Rates Act 1984
- Parliament of the United Kingdom
- Long title: An Act to enable the Secretary of State to limit the rates made and precepts issued by local authorities; to require local authorities to consult representatives of industrial and commercial ratepayers before reaching decisions on expenditure and the means of financing it; to make provision for requiring additional information to be given to ratepayers; to require notice of the rates payable in respect of a dwelling-house to be given to any occupier not in receipt of a demand note; and to make other amendments relating to rates.
- Citation: 1984 c. 33
- Territorial extent: England and Wales

Dates
- Royal assent: 26 June 1984
- Commencement: various
- Repealed: 21 July 2008

Other legislation
- Amends: General Rate Act 1967; Local Government Act 1972; Rating (Disabled Persons) Act 1978; Local Government, Planning and Land Act 1980; Local Government Finance Act 1982;
- Amended by: Local Government Act 1985; Local Government Finance Act 1987; Rate Limitation (Designation of Authorities) (Exemption) Order 1988; Local Government Finance (Repeals, Savings and Consequential Amendments) Order 1990; Charities Act 1993; Greater London Authority Act 1999; Charities Act 2006; Local Transport Act 2008;
- Repealed by: Statute Law (Repeals) Act 2008

Status: Repealed

Text of statute as originally enacted

Revised text of statute as amended

= Rates Act 1984 =

Act of the Parliament of the United Kingdom

The Rates Act 1984 is an Act of Parliament in the United Kingdom, which controls the tax-raising powers of local authorities.

== Background ==
The Thatcher government had been at odds with several high spending Labour controlled councils. The Local Government Finance and Planning Act 1980 and the Local Government Finance Act 1982 allowed central government to decide spending limits for individual authorities. It could remove general grants, which accounted for approximately 60% of the councils’ income, if they continued to overspend. Several councils continued with their programmes of services and had their general grant cut under the earlier legislation. For example, by 1983, the Greater London Council (GLC) had lost all its central funding.

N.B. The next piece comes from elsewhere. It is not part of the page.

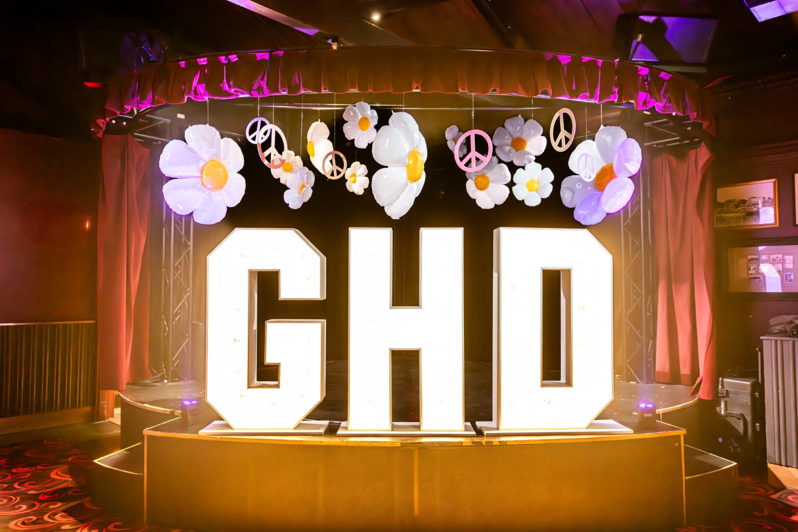 Step back into the groovy ’60s with our Woodstock-inspired cocktail party design, featuring vintage VW campervans, vibrant flower power decor, and iconic peace symbols.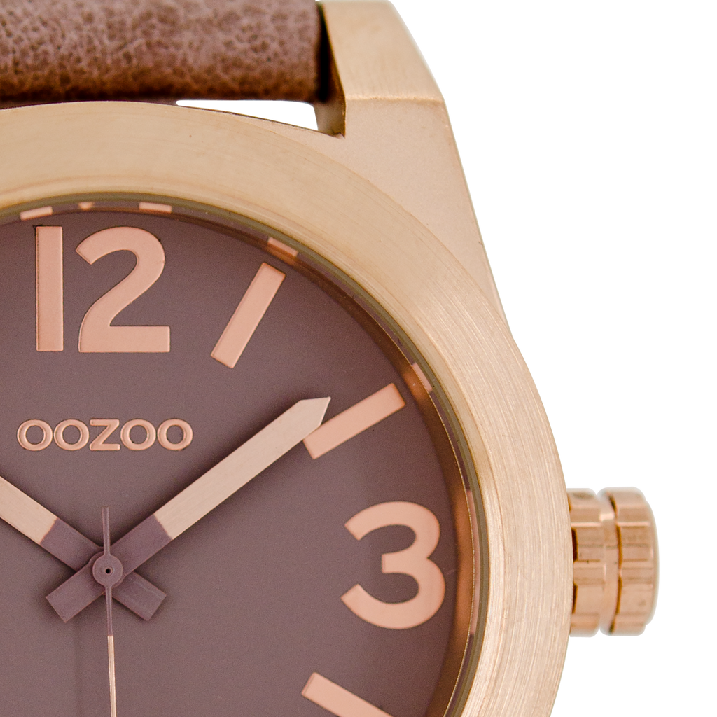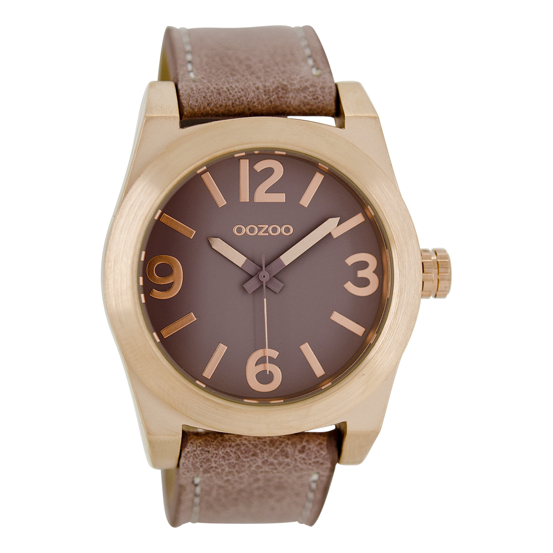Rose gold coloured OOZOO watch with pink grey leather strap - C6737

However, the GLC and other councils sought to recoup the loss by increasing the amount they levied in domestic and business rates; a tax paid by companies and homeowners.

== Provisions ==
The act allowed the government to individually set caps for the increases to rates that each authority could levy. Those who acted ultra vires (or "beyond the powers") set out in the Act could be prosecuted, banned from office for up to ten years and fined. The power to control rates came into force for the year beginning 1 April 1985.

== Use ==

The act was successfully used to force 31 councils (30 were Labour controlled), who had initially resisted, to comply with government taxation and spending limits. Of those, only Lambeth and Liverpool councillors did not back down and eventually the Act was used to prosecute and fine the leader of Lambeth Council, Ted Knight, and others. He was banned from office for ten years.

== Subsequent developments ==
The domestic rates were replaced in 1990 by the Community Charge (dubbed poll tax), which was paid by more people and intended to reveal inefficient councils, who would be forced to levy a higher charge in order to fund their overspending. Business rates are still levied, but at a level set by central government since 1990.

The whole act was repealed by section 1(1) of, and part 7 of schedule 1 to, the Statute Law (Repeals) Act 2008, which came into force on 21 July 2008.